Старушка улыбнулась, и я увидел ряд зубов. Белых еще.

— На богомолье, милай, — повторила старушка не сводя глаз с отца. — Иду вот себе потихонечку, пташек слушаю, на цветочки лазоревые поглядываю, да деньку ясному, солнышку радуюсь-любуюсь. Вот!

— Эх как! — тряхнул отец головой. — А издалека будем?

— Да из Ренева, совсем рядышком, — улыбнулась. — Четвертый денек и выплясываю вот. В Угуй-то поближе ходить было, да церква в Угуе сгорела. Сказывают, во всем поп виноват. Нажрался будто поп Константин вина с энтими, как их… тьфу! с псаломщиком да с дьяком и заронили огонь от кадила. Ладно — сами не погорели, а церквы вот и не стало.

— Ай-яй-яй! — покачал головой отец. — Надо только подумать — с Ренева в Меньшиково пешком! Это чтоб помолиться богу? Нагрешили, наверно, вы, мать, много, а?

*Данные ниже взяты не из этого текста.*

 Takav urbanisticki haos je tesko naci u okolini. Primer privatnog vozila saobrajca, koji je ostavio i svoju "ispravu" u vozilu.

— Да все ить мы, сынок, как на земле живем, грешные перед богом. — Старушка посмотрела в небо, чуть прищурив глаза. — Чем больше живешь, тем больше и грехов. А я-то уж век свой прожила сполна, теперича чужой век живу.

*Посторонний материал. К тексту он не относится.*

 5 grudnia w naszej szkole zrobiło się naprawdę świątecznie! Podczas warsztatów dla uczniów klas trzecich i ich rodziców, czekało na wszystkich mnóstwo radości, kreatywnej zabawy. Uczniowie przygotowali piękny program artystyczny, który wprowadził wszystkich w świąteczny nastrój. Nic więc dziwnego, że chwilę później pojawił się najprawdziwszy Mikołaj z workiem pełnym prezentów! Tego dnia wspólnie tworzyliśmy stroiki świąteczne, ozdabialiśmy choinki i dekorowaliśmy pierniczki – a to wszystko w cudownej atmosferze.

— Неужели больше ста? — удивился отец.

— Больше, больше, милай. Девятый годок уж на другую сотню.

— Ну-у-у! — вроде одобрил отец. — Второй век живешь, мать, а совсем еще молода, хоть сегодня замуж выдавай.

При этой видимой отцовской шутке старушка хитро ухмыльнулась и сказала:

— Кабы за такого-то орла, как ты…

— Пошла бы? — совсем оживился отец.

— А то? Орел же, говорю. Сокол ясный. Такой-то и у меня был молодец. Был — да не стало. И нас когда-то не станет. А пока живем — всему и радуемся.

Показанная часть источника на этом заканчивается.